If you do not have a card to play or do not wish to play a card on your turn, you may pass and discard up to three cards. Regardless of how your turn went, you draw back up to five cards at the end of the turn.

When any column reaches four cards, you immediately go into a pickle round. During a pickle round, each player has the chance to pass or add a card to the bottom of the column (following standard rules), ending with the player who originally added the fourth card to the column. The player who adds a card to the column last gets to pick it up and add it to their scoring pile. The first player to win a certain number of columns wins the game.

There is also an alternative ruleset in which all cards in the row must make sense together and connect.

In a Pickle Components

Review

In a Pickle is so much fun. It’s fun to come up with creative ways to play cards, or to see the stories that build as more cards connect to each other. It’s fast, it’s goofy, it’s different. It’s very satisfying to trump a row during the pickle rounds, or when you have nothing to play until the player right before lays down a card that fits in nicely, with some clever interpretation, with one of your own.
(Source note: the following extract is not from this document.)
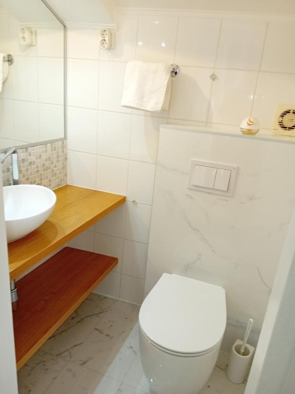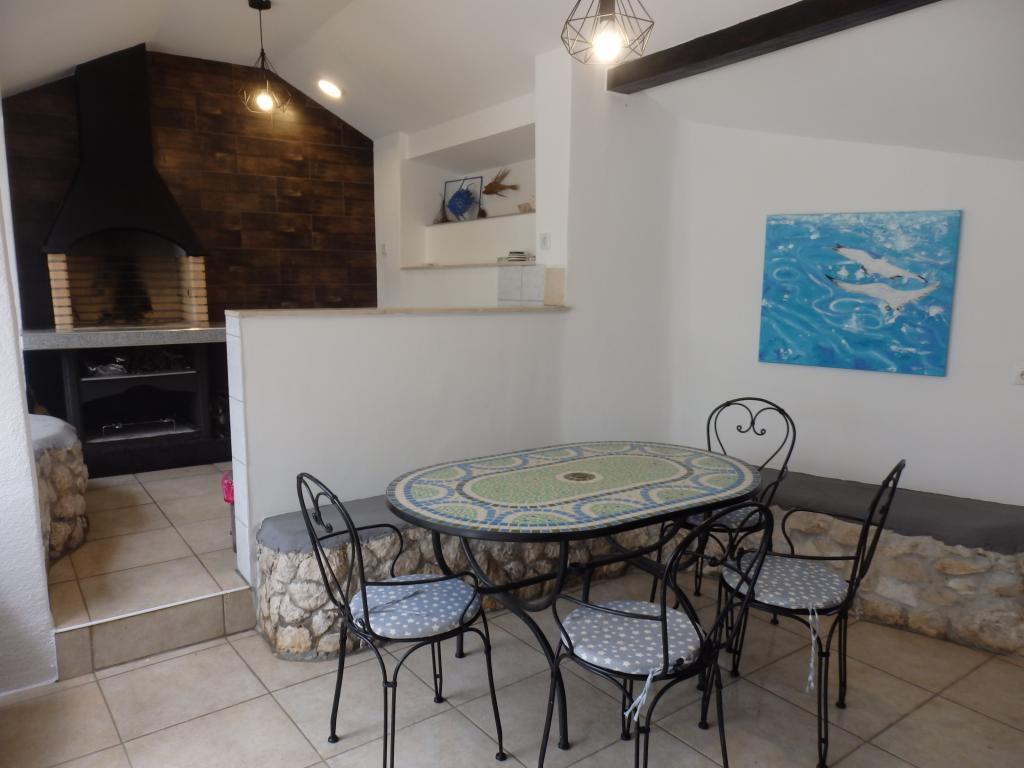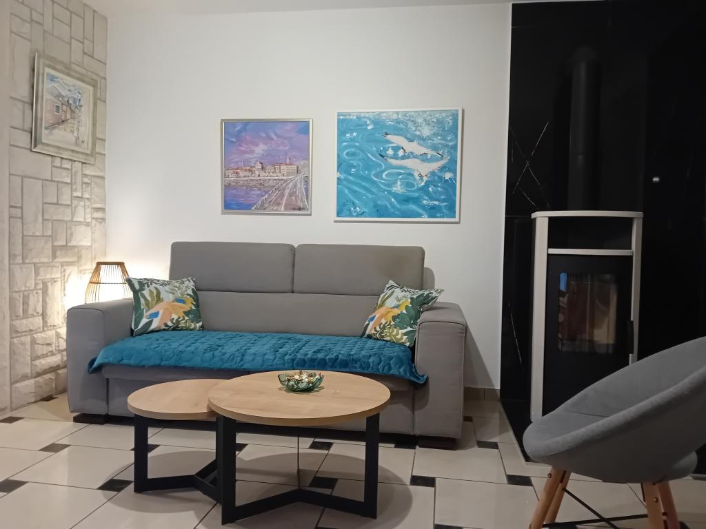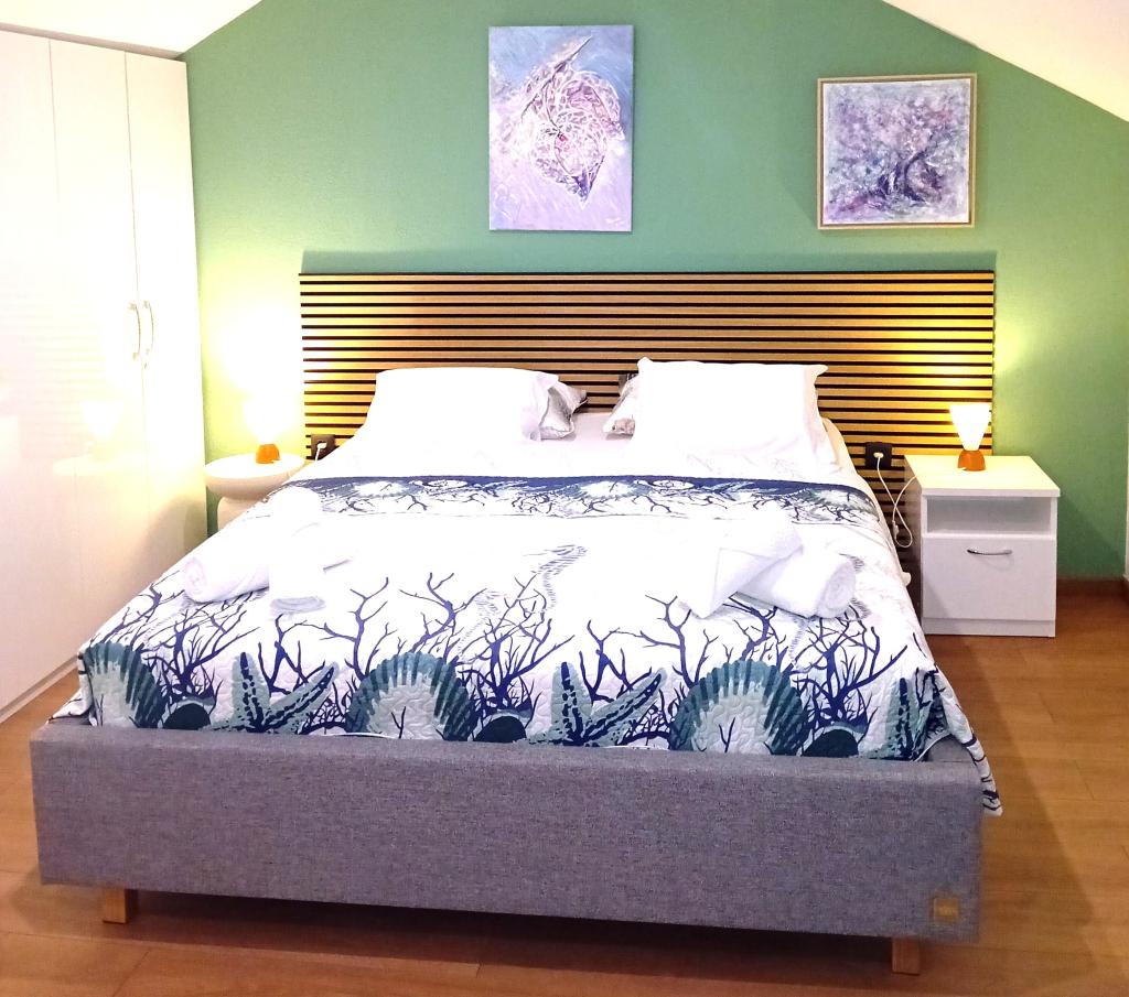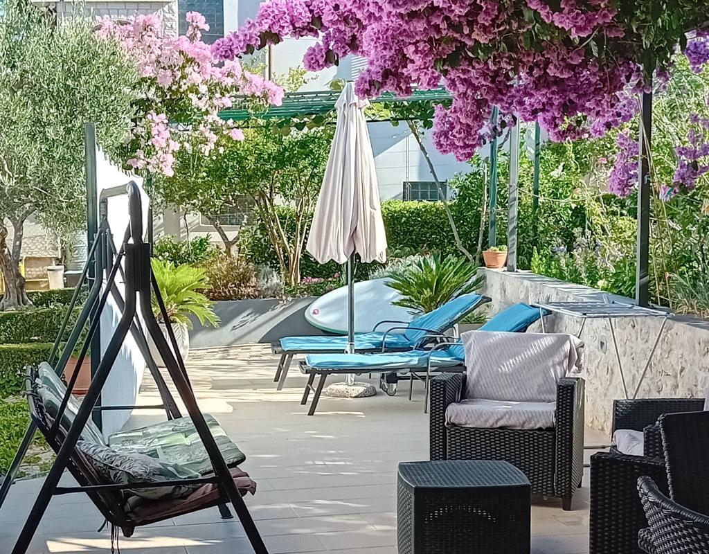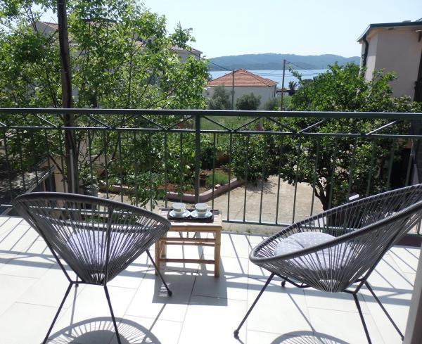 Moderně zařízený apartmán s výhledem na moře, velkou terasou a zahradou, blízko pláže, 4 hvězdičky. Apartmán se nachází v domě (přízemí a první patro). V přízemí se nachází: vstupní prostor, kuchyň, obývací pokoj a koupelna. Obývací pokoj je vybaven rozkládací pohovkou pro dvě osoby. V prvním patře se nachází: ložnice, koupelna (se samostatným sprchovým koutem a toaletou) a krytý balkon o rozloze 10 m² s výhledem na moře. Ložnice má pohodlnou manželskou postel a křeslo, které se dá rozložit na dětskou postýlku. Z kuchyně v přízemí je vstup na terasu o rozloze 45 m². Gril a jídelní stůl se nacházejí v kryté části (15 m²) a zbývající část je určena k opalování a relaxaci s výhledem do zahrady.

If you don’t like the challenges and defenses, the alternative gameplay offers less room for them and it can be an awful lot of fun to see how the cards connect together to build unusual and often funny scenes.

The deluxe game we played comes packed in a pickle-shaped box, which is definitely a bit awkward to store on your game shelf. People with limited shelf space or careful organizational systems might find it annoying, and might opt for the original boxed version — but the deluxe version is definitely eye-catching and the cards are nicely designed to be easy to read.

A fun party game that has you thinking outside the box, In a Pickle can be both tricky and humorous. Best with groups that aren’t going to get too caught up in the arguing, it’s light, fast, and quite amusing.

Pros: Creative, two fun game modes, fun to come up with unusual ways to connect words

Cons: Pickle-shaped box might by annoying for storage

Disclosure: we received a complimentary review copy of this game.